Numa segunda etapa, o raciocínio completo de mídia deve levar em conta a mensagem também. E aí chegamos ao âmago da questão, em que, no fundo no fundo, o que a verba de mídia compra mesmo é recall na mente das pessoas. E isso explica e justifica por que certos veículos e programas — possuidores de perfil de público mais forte nas classes AB —, embora com CPMs mais caros que seus congêneres, são bem planificados e conseguem retorno satisfatório para o anunciante — ou vice-versa.
A conclusão é óbvia: se em mídia o correto fosse apenas conseguir grandes descontos ao comprar espaço e tempo, as agências poderiam contratar bons compradores, desses que trabalham nos departamentos de compras das empresas, em vez de profissionais que precisam conhecer bem todo o processo de comunicação, estar inteirados dos conceitos e critérios de mídia, ser estudiosos dos fundamentos de pesquisa, estatística, algumas fórmulas matemáticas e, constantemente, informados sobre os atributos, funcionalidade e potenciais dos vários meios e veículos de comunicação.

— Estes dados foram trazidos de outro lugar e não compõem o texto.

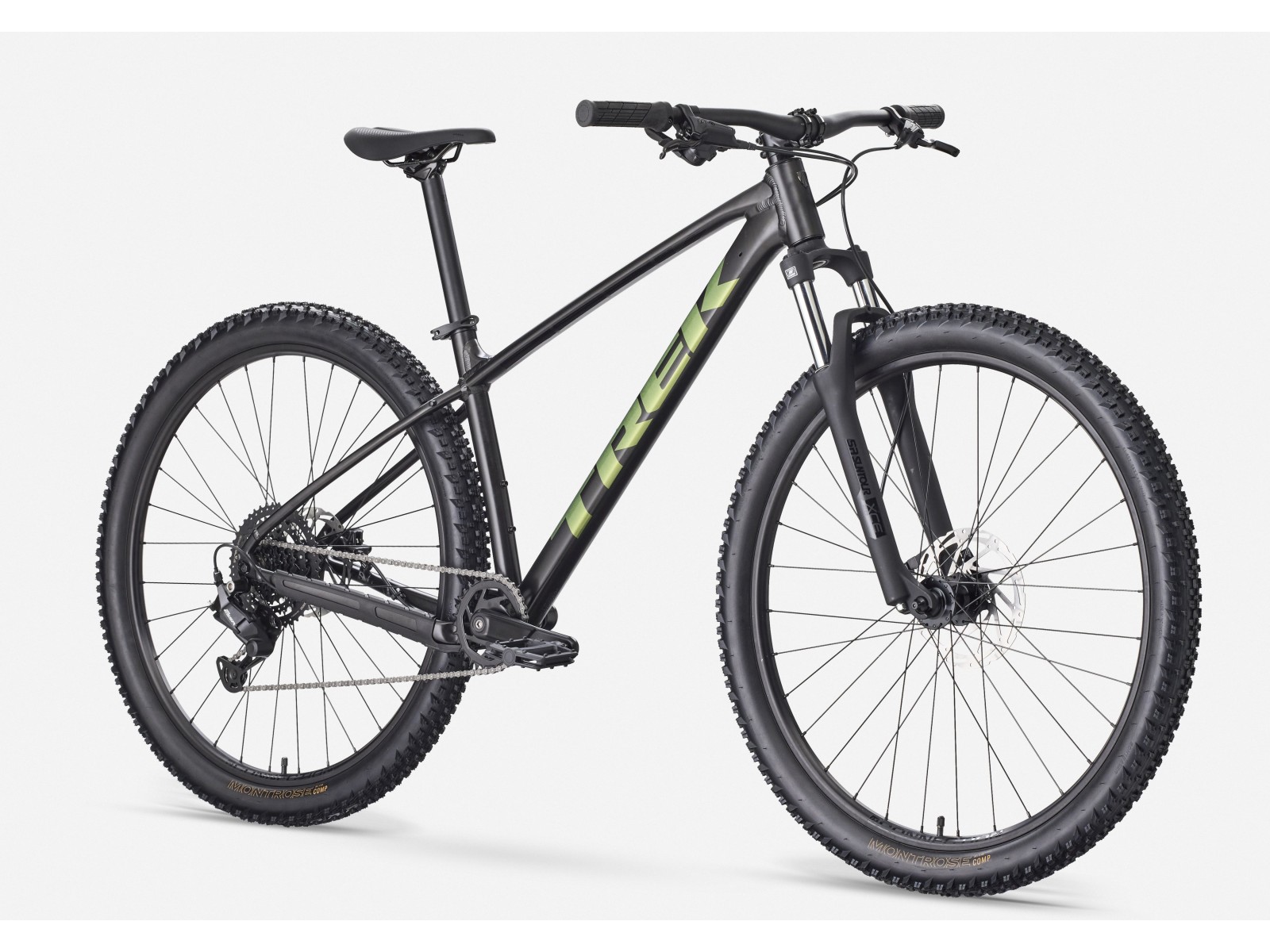 Ratukai: Bontrager Connection dvigubų sienelių ratlankiai su 29″ (didesnėse rėmo versijose) arba 27.5″ (mažesnėse) ratais ir Bontrager Montrose Comp 2.40″ padangomis – suteikia gerą sukibimą su žvyrkeliu ar takais.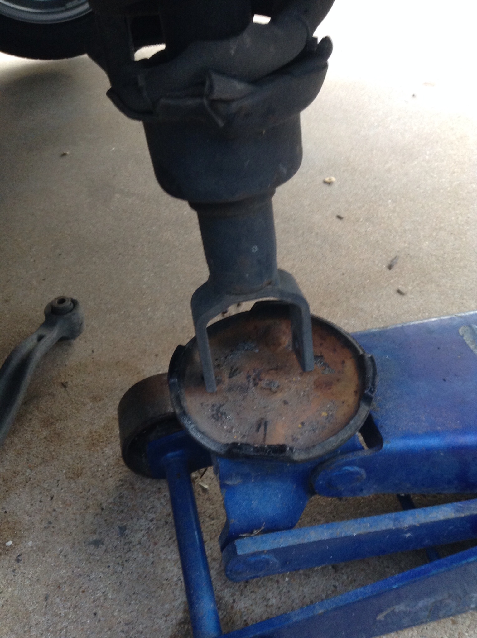 Then put your jack back under the strut. Just so when you remove it it doesn’t just drop out. If you’re replacing it I guess it doesn’t especially matter if it drops.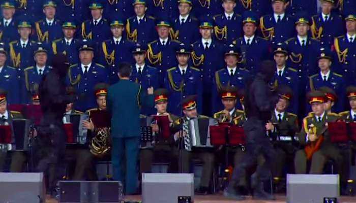 Форум «Армия-2015» открылся в Подмосковье; на открытии присутствовал глава России Владимир Путин, который вместе с другими участниками невольно стал зрителем оригинального номера. Во время выступления военного оркестра с традиционными народными инструментами на сцену выскочили два спецназовцы ВС РФ. Их лиц видно не было, поскольку танцоры были одеты в балаклавы.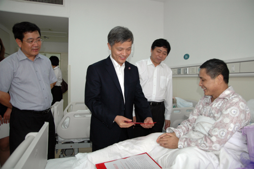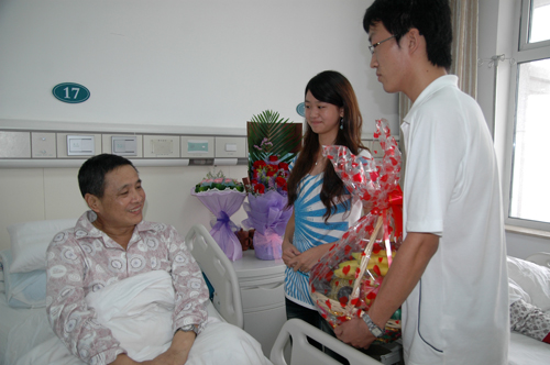 的师生们从河西赶到这里为该校第四届师德标兵蔡炳新教授颁奖。当该校党委书记刘克利教授和校长钟志华院士将荣誉证书和20万元奖金颁发给27床的蔡炳新教授时,在场的读漫屋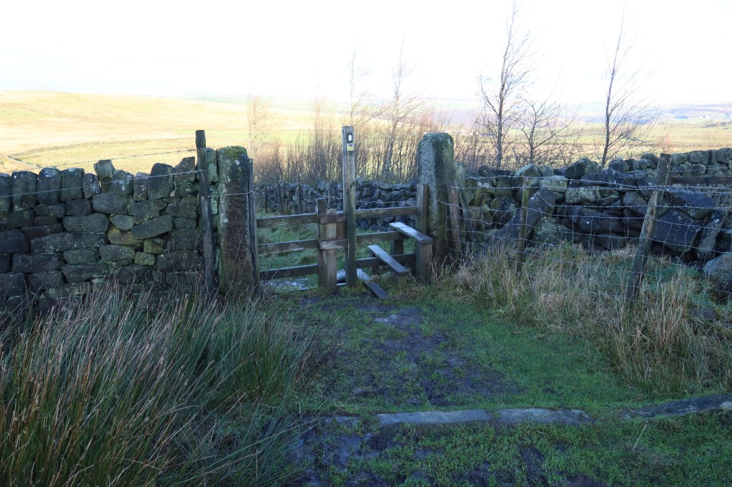 This heads down and to the right on a well made track, at the end of which you arrive at another crossroads. Keep straight on, walk by the dry stone wall on your right, over a stile, and down a muddy track aiming fro a second stile on your right at the bottom. Again, follow signs for the Pennine Way.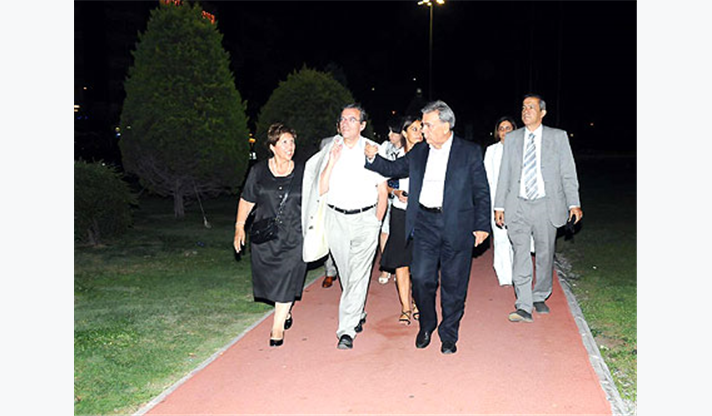 Başkan Aziz Kocaoğlu ile Reis, yemekten sonra Cumhuriyet Meydanı’na gelerek Gündoğdu Meydanı’na kadar kısa bir yürüyüş de yaptı.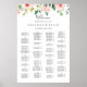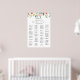 This elegant dainty floral alphabetical seating chart is perfect for a modern wedding. The design features illustrated pink, blush and white roses, peonies with green foliage clustered into bouquets, accentuating the beautiful fall colours.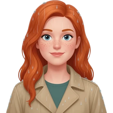 Redheaded women with freckles and fair skin in a raincoat with rain coming down emoji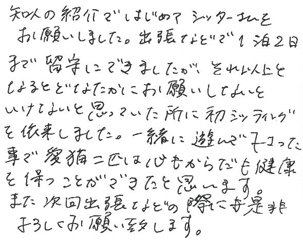 出張などで1泊2日まで留守にできましたが、それ以上となるとどなたかにお願いしないといけないと思っていた所に初シッティングを依頼しました。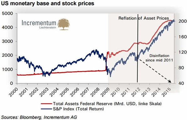 While from 2008 to 2011 the prices of both stocks and commodities (and thus the prices of real assets) were driven higher, a disinflationary trend in commodity prices can be discerned since 2011. Since then, money supply inflation primarily induced financial asset price inflation. This phase has culminated in a disinflationary tsunami in 2014. A strengthening US dollar exerting deflationary effects once again delayed the probability of a rate hike and left the much-desired zero interest rate environment in place, benefiting stock markets.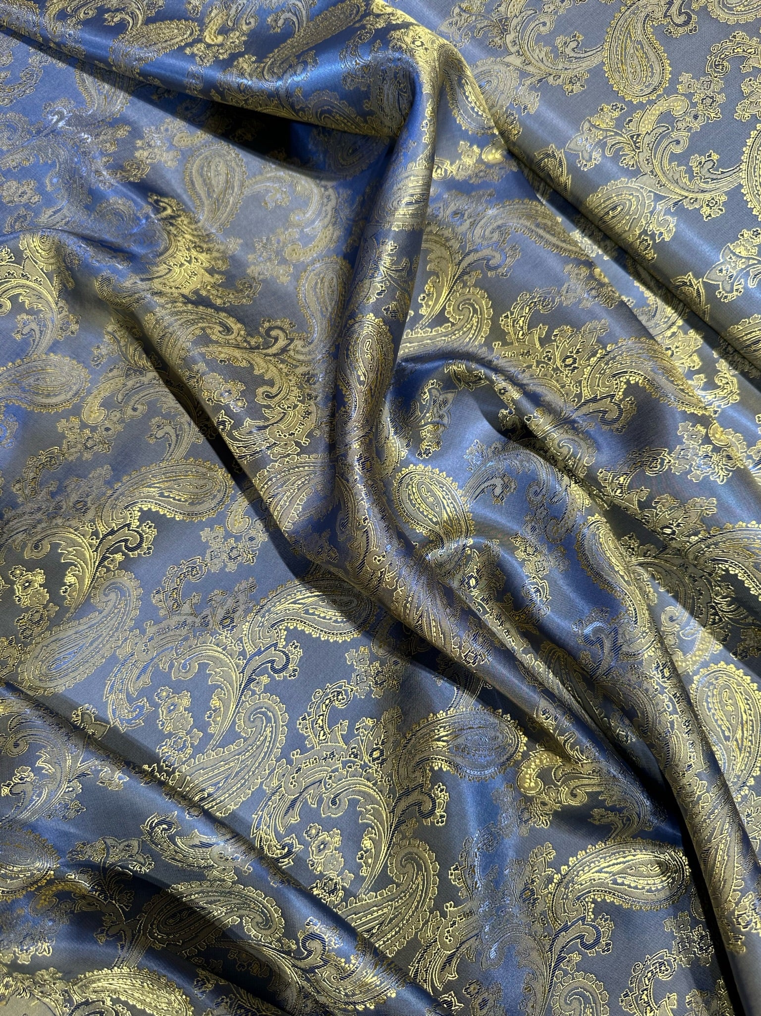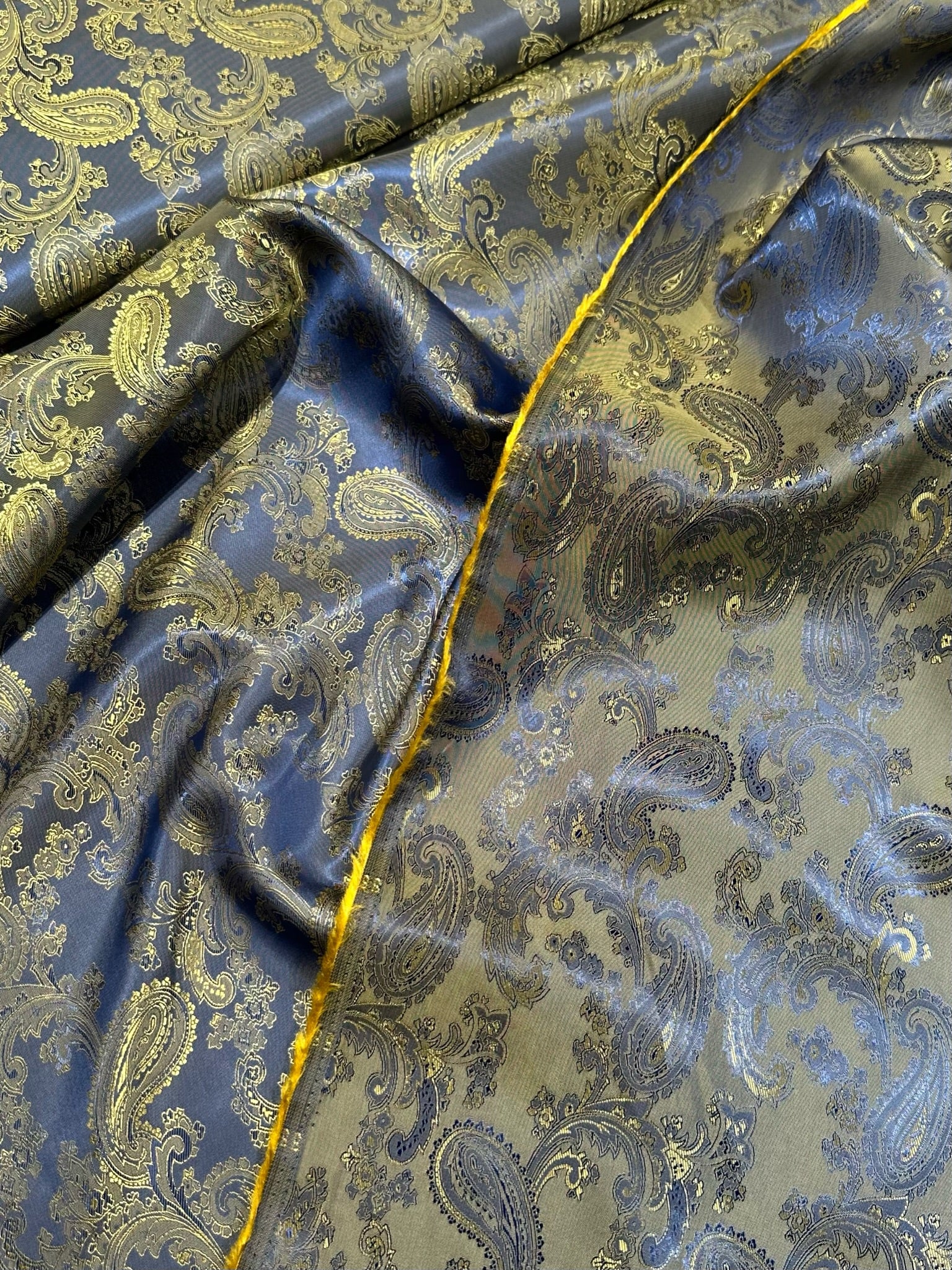 • Mönstrat Foder Paisley Viskos Polyester Blå & Gul C7

Ou seja, se comprar mídia fosse somente comprar espaço e tempo, e se fosse suficiente apenas obter os maiores descontos para se considerar que a verba de veiculação foi bem aplicada, não haveria necessidade de tanto dinheiro investido em pesquisas, de tanto tempo empregado no desenvolvimento das várias técnicas e de profissionais competentes para lidar com tudo isso. E tudo com a finalidade de fazer a valiosa e escassa verba de mídia, dos dias atuais, render mais. É como diz um velho ditado chinês: "Se você não sabe avaliar o que está comprando, qualquer desconto é bom".